Q19. What is Delta Lake and what problems does it solve?

from delta import DeltaTable
from pyspark.sql.functions import col

# Problem 1: ACID transactions on data lakes
# Without Delta: multiple writers corrupt files; reads during write return partial data
# With Delta: transaction log (JSON/_delta_log/) ensures ACID

# Problem 2: Schema enforcement & evolution
df.write.format("delta") \
    .option("mergeSchema", "true") \  # allow schema evolution
    .mode("append") \
    .save("s3://data-lake/orders/")

# Problem 3: Upserts (MERGE / CDC)
delta_table = DeltaTable.forPath(spark, "s3://data-lake/orders/")
delta_table.alias("target").merge(
    updates_df.alias("source"),
    "target.order_id = source.order_id"
).whenMatchedUpdate(set={
    "status": "source.status",
    "updated_at": "source.updated_at"
}).whenNotMatchedInsertAll().execute()

# Problem 4: Time travel (query historical versions)
df_yesterday = spark.read.format("delta") \
    .option("timestampAsOf", "2026-03-29") \
    .load("s3://data-lake/orders/")

df_version_5 = spark.read.format("delta") \
    .option("versionAsOf", 5) \
    .load("s3://data-lake/orders/")

# Problem 5: Audit trail
delta_table.history().show()  # see all versions and operations

# Problem 6: Data compaction (small files problem)
delta_table.optimize().executeCompaction()  # merge small files
delta_table.vacuum(retentionHours=168)      # delete old versions (7 days)
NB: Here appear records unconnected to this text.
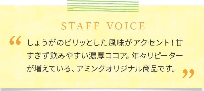 アミングスタッフ愛飲者多数♪スパイシーでクセになる味わいの本格ココア
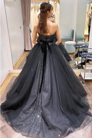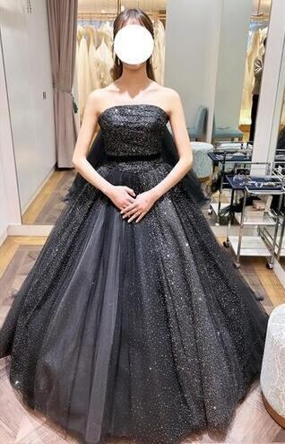 豪華!黒 カラードレス 華やかなトレーン キラキラスパンコール チュール ノースリーブ 二次会/挙式/前撮り/結婚式
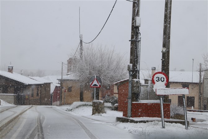 La comarca de Los Oteros, situada en el sur de la provincia de León, fue una de las zonas más afectadas por la reciente borrasca Ingrid, que dejó un importante manto blanco sobre sus tierras durante la jornada del viernes. Este fenómeno meteorológico, caracterizado por la llegada de aire frío y húmedo procedente del Atlántico, provocó intensas nevadas que sorprendieron tanto a los habitantes como a los visitantes de la región. En algunos momentos del día, la ventisca alcanzó tal intensidad que redujo notablemente la visibilidad y cubrió por completo la carretera de acceso al pueblo, dificultando el tránsito y obligando a extremar las precauciones a quienes se aventuraron a circular por ella.
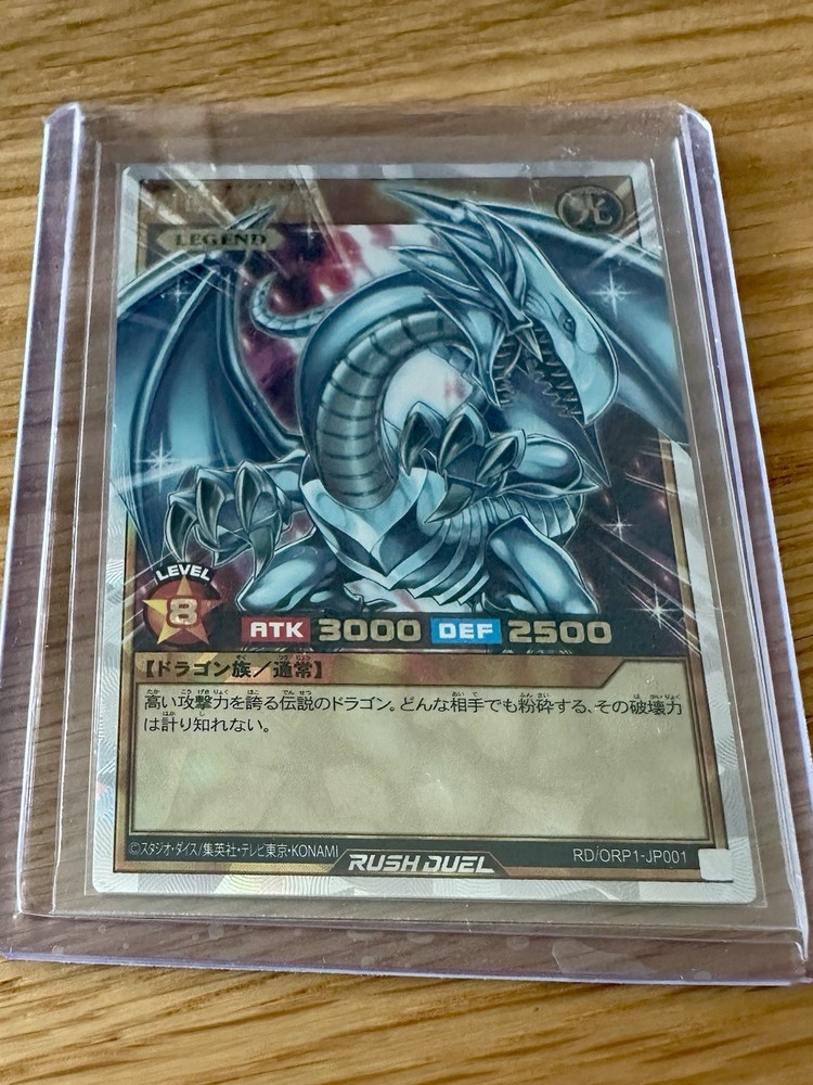 The Yu-Gi-Oh! OCG Blue-Eyes White Dragon (RD/ORP1-JP001) Over Rush Rare Japanese card is a highly sought-after collectible in the Yu-Gi-Oh! TCG universe. Manufactured by Konami in Japan, this card features the legendary Blue-Eyes White Dragon design, perfect for players aged 6 and up. With its rarity as an Over Rush Rare card from the - Yugi - set, this card is sure to be a valuable addition to any collection. Its unlimited edition and near mint condition make it a desirable item for fans and collectors alike. I have collected YuGiOh cards for over 10 years. I’m selling a few cards from my personal collection to help pay for my wedding. Feel free to reach out if you need anything.
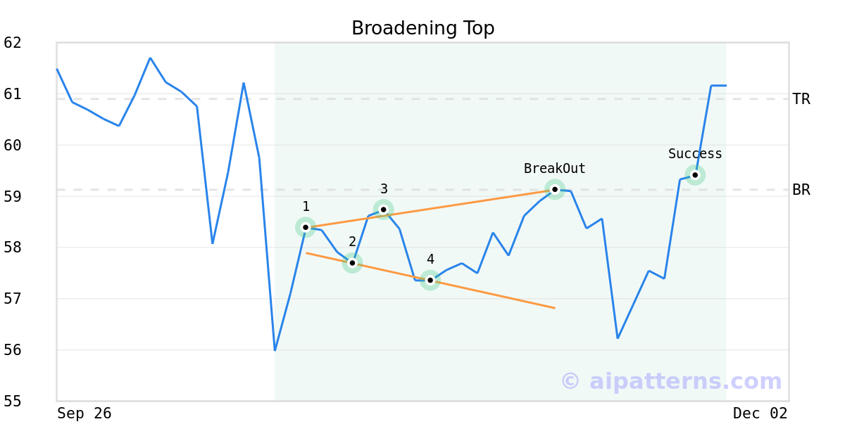 On November 11, 2025, A.I.dvisor detected a Broadening Top Pattern (Bullish) for Invesco KBW Regional Banking ETF (KBWR, $59.13). On November 11, 2025, A.I.dvisor confirmed the Bullish pattern, setting a target price of $60.90. 13 days later, on November 24, 2025, KBWR reached the target price resulting in a for traders who took a long position in the stock.
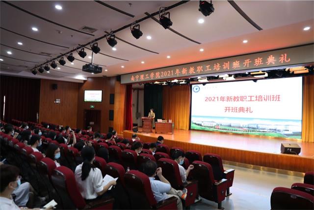 8月29日,学校在报告厅组织了2021年度南宁理工学院桂林校区新教职工培训班开班典礼。桂林校区89名新进教职工参加了培训,校领导尹少华、王金叶、冯正垚、杨鲜丽、郑方兵和职能部门负责人参加了典礼。开班典礼由副校长杨鲜丽主持。
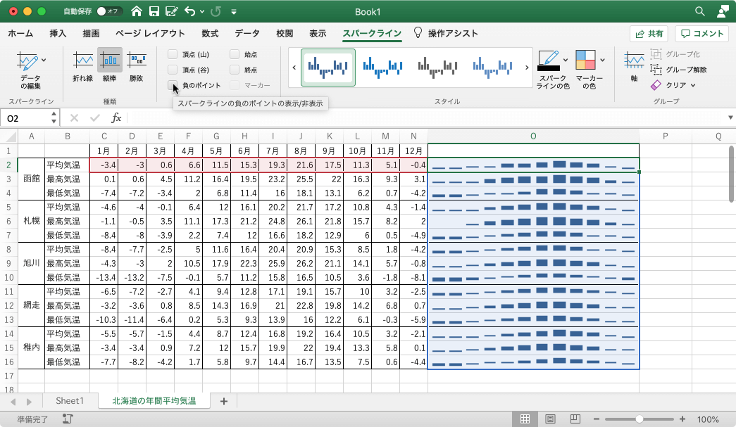 - スパークラインの負のポイントの表示/非表示
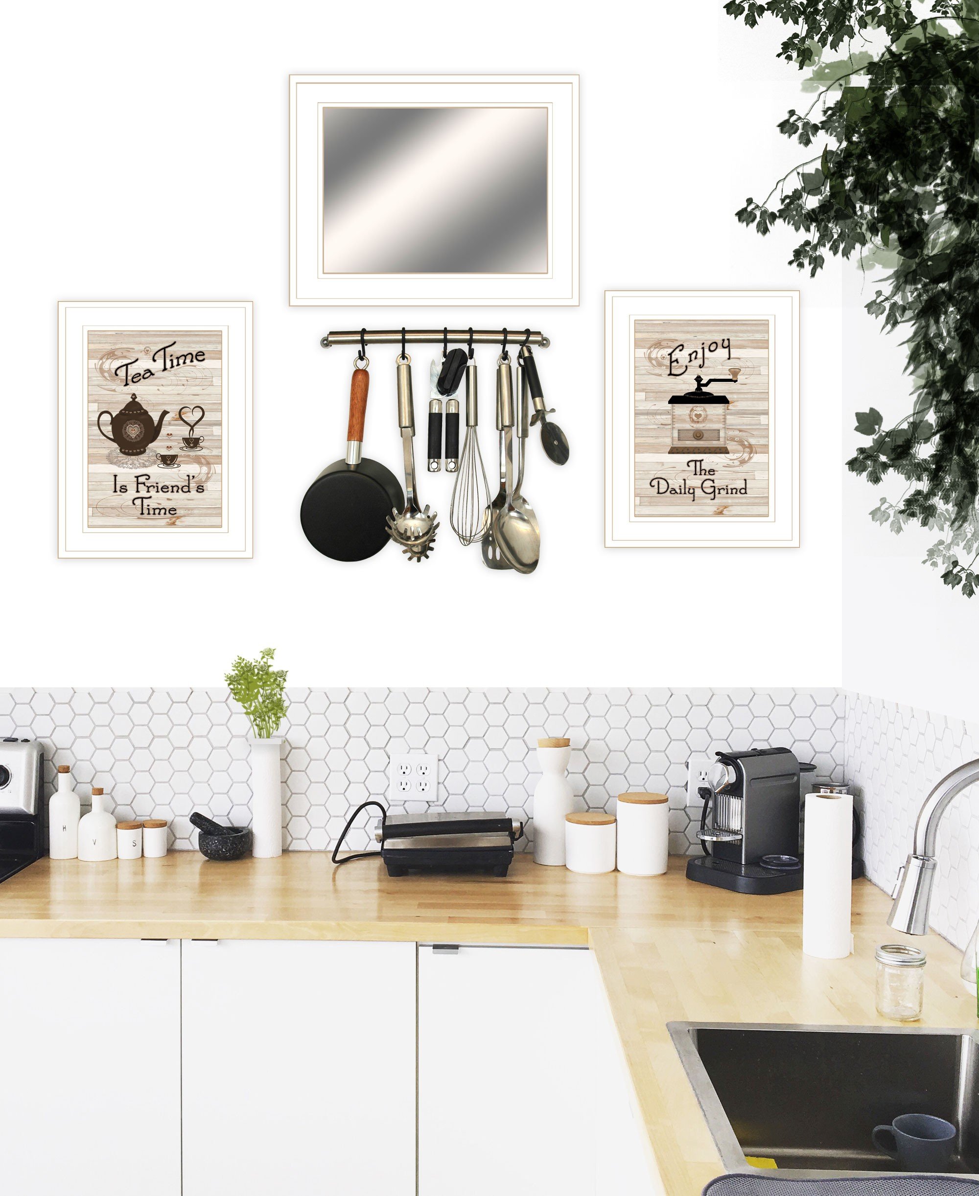 Bring some sizzle to your space with this eye-catching set of three tea and coffee time white framed print kitchen wall art. Unique and decorative, this set of three white framed kitchen wall art will leave a lasting impression. This set is a visual artistic expression that allows you to decorate your space in style. Reproduced for you on paper the prints are a trendy and fashionable way to dress your walls. In addition to the cute kitchen wall art, this set includes an accent mirror. 12-inch H x 15-inch W x 1-inch D
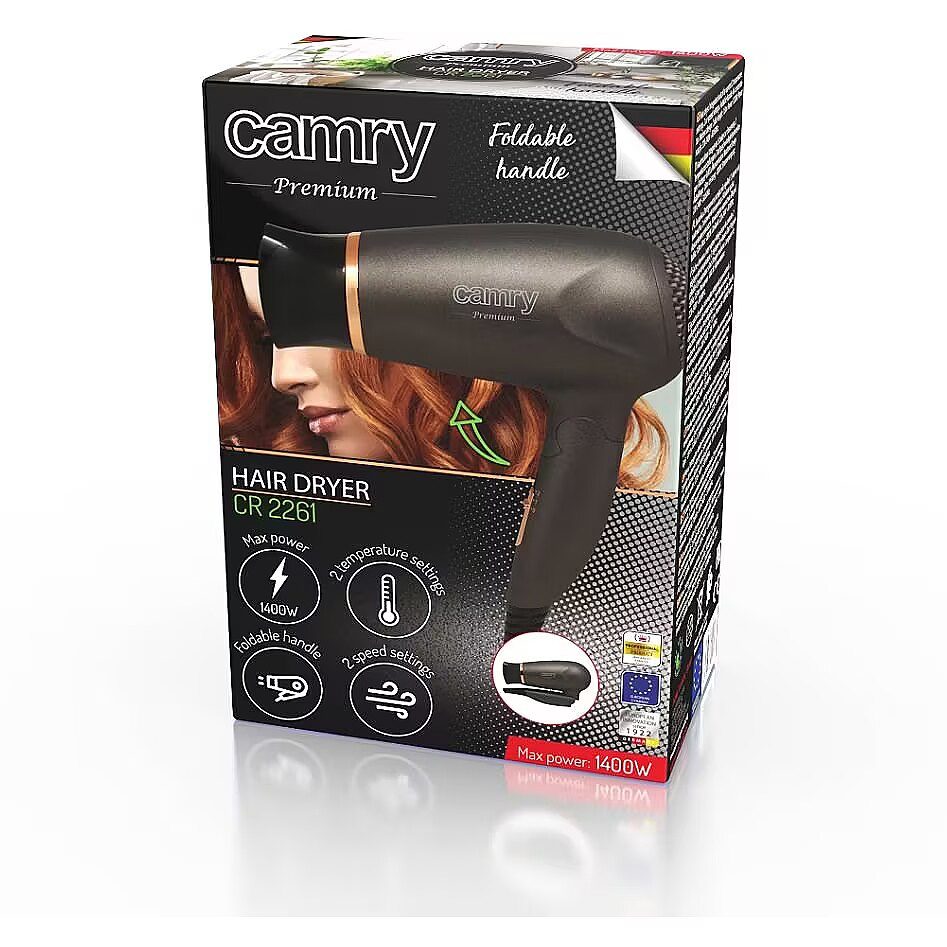 productName - Camry CR 2261 hair dryer Metallic grey, Gold 1400 W
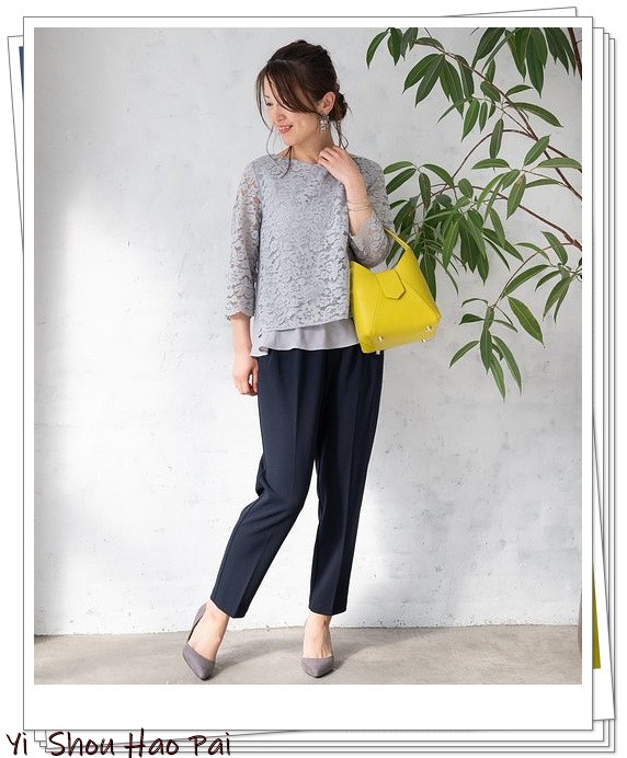 浅灰色蕾丝衬衫,通过搭配黑色锥形小脚裤来降低它的甜美感觉。时髦的黄色升华了基本的颜色造型。
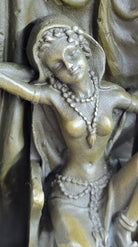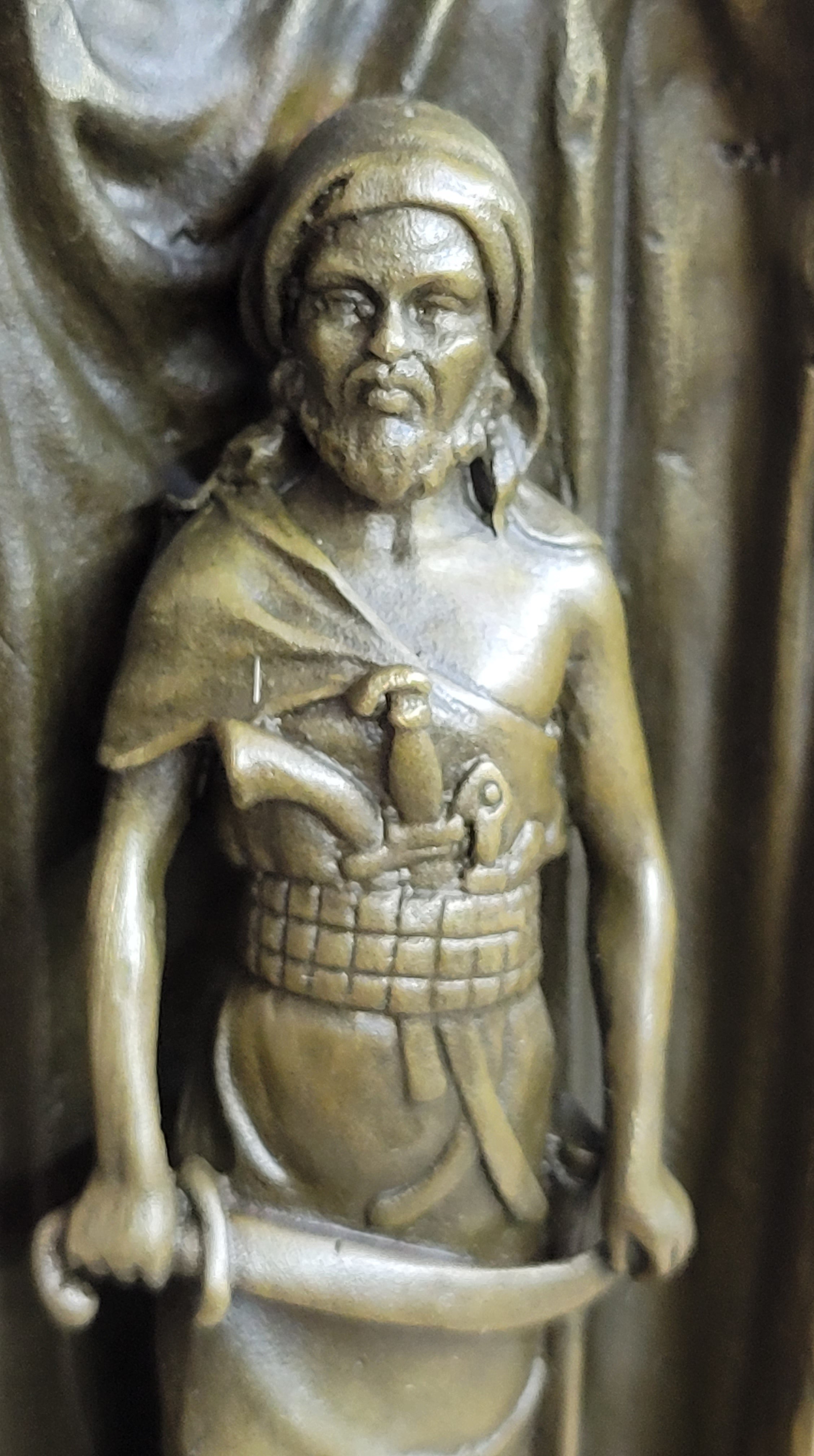 This striking bronze sculpture is a beautifully executed reproduction of a work by the renowned 19th-century artist Franz Bergman, who often signed his erotic pieces as “Nam Greb,” a reversal of his real name. The piece depicts a powerful scene featuring a guard protecting a young enslaved woman within a harem setting, reflecting both strength and vulnerability in its composition. The attention to detail in the figures’ expressions and posture captures a dramatic moment frozen in time.
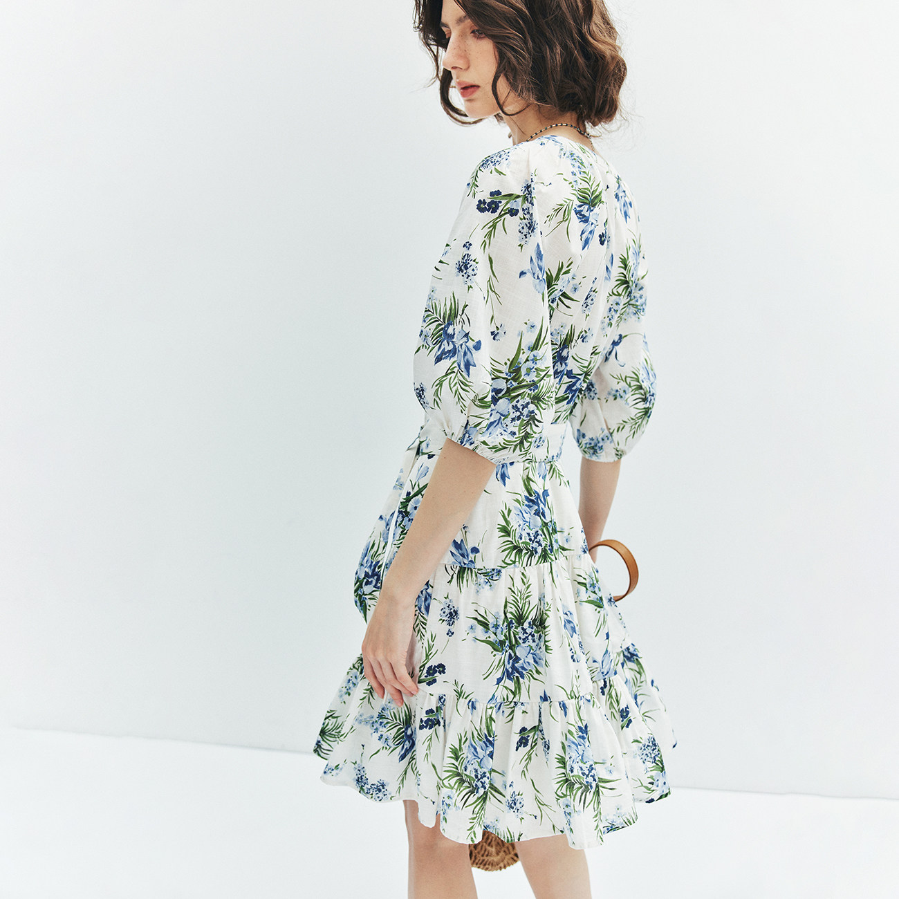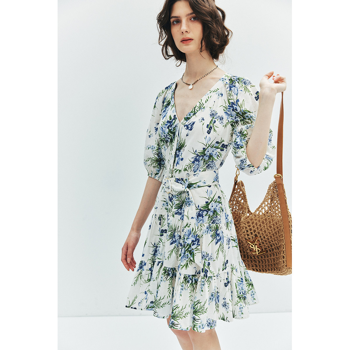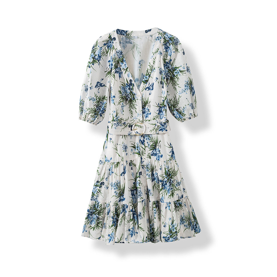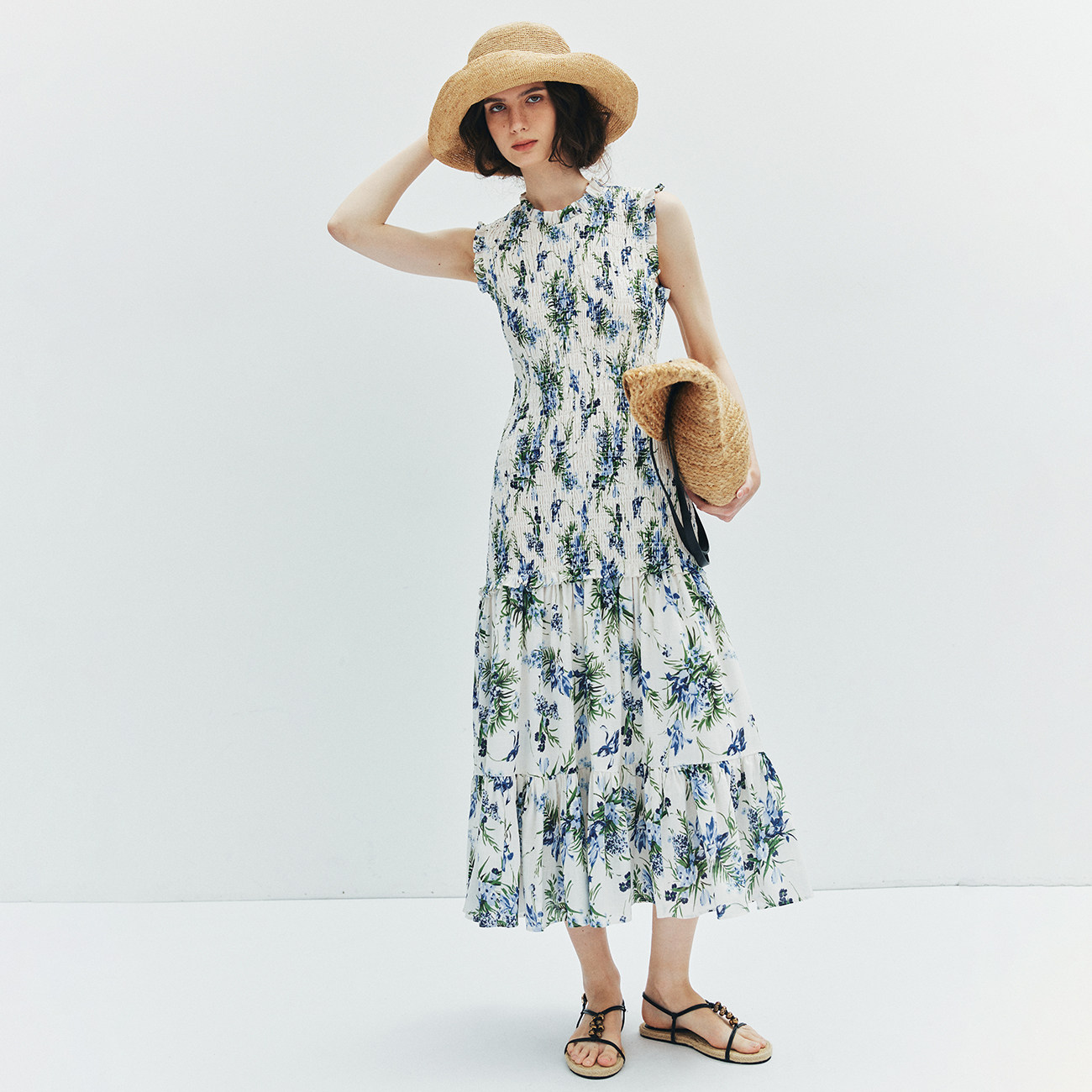 【高端牛货】仿麻竹节肌理重工打揽无袖背心裙+V领收腰印花连衣裙
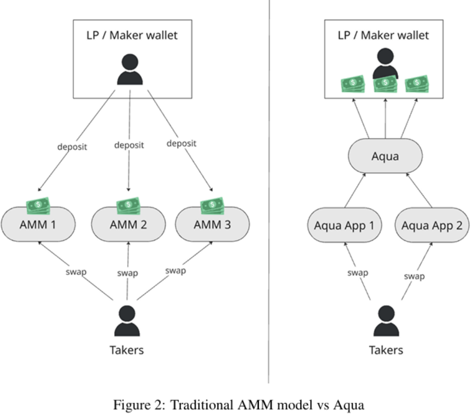 在Aqua出現之前,主流的AMM(自動做市商)模型廣泛採用“池化託管”設計,也就是要求LP(流動性提供者)將他們的資産存入並鎖定在協議中,但是這種設計造成了兩個結構性低效的問題:
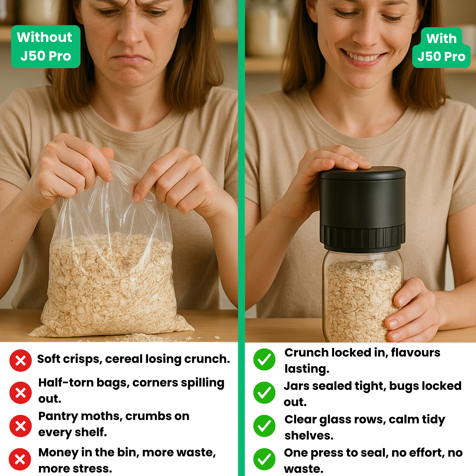“I thought clips and ‘airtight’ tubs were enough until I tried the J50 PRO. Now my snacks stay crunchy for months, and my flour is finally safe from moths. I honestly feel like I’ve stopped throwing money in the bin.”Claire, 41
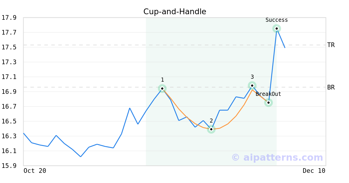 On December 02, 2025, A.I.dvisor detected a Cup-and-Handle Pattern (Bullish) for SWK Holdings Corp (SWKH, $16.75). On December 02, 2025, A.I.dvisor confirmed the Bullish pattern, setting a target price of $17.53. 1 day later, on December 03, 2025, SWKH reached the target price resulting in a for traders who took a long position in the stock.

Q20. What is Change Data Capture (CDC)? How do you implement it?

Approaches:

Approach	Method	Latency	Impact on Source
Log-based CDC	Read DB transaction logs (WAL)	Near real-time	Minimal
Trigger-based	DB triggers write to audit table	Low	High (per-row overhead)
Timestamp-based	Poll for records where updated_at > last_poll	Minutes	Moderate
Snapshot-based	Full table scan, compare to previous	Hours	High

Log-based CDC with Debezium (industry standard):

# docker-compose.yml
services:
  debezium:
    image: debezium/connect:latest
    config:
      connector.class: "io.debezium.connector.postgresql.PostgresConnector"
      database.hostname: "postgres"
      database.port: "5432"
      database.user: "replicator"
      database.password: "${DB_PASSWORD}"
      database.dbname: "production"
      database.server.name: "prod-postgres"
      table.include.list: "public.orders,public.customers"
      plugin.name: "pgoutput"
      publication.autocreate.mode: "filtered"

# Consuming CDC events from Kafka
from pyspark.sql.functions import col, from_json, when

cdc_schema = StructType([
    StructField("op", StringType()),       # c=create, u=update, d=delete, r=read
    StructField("before", schema),          # row state before change
    StructField("after", schema),           # row state after change
    StructField("ts_ms", LongType())
])

cdc_df = spark.readStream.format("kafka") \
    .option("subscribe", "prod-postgres.public.orders") \
    .load() \
    .selectExpr("CAST(value AS STRING)") \
    .select(from_json(col("value"), cdc_schema).alias("cdc")) \
    .select("cdc.*")

# Apply changes to Delta Lake
def process_cdc_batch(batch_df, batch_id):
    delta_table = DeltaTable.forPath(spark, "s3://silver/orders/")
    inserts = batch_df.filter(col("op").isin(["c", "r"])).select("after.*")
    updates = batch_df.filter(col("op") == "u").select("after.*")
    deletes = batch_df.filter(col("op") == "d").select("before.order_id")
    # Merge inserts/updates; soft-delete or hard-delete
    delta_table.alias("t").merge(
        inserts.union(updates).alias("s"), "t.order_id = s.order_id"
    ).whenMatchedUpdateAll().whenNotMatchedInsertAll().execute()

cdc_df.writeStream.foreachBatch(process_cdc_batch).start()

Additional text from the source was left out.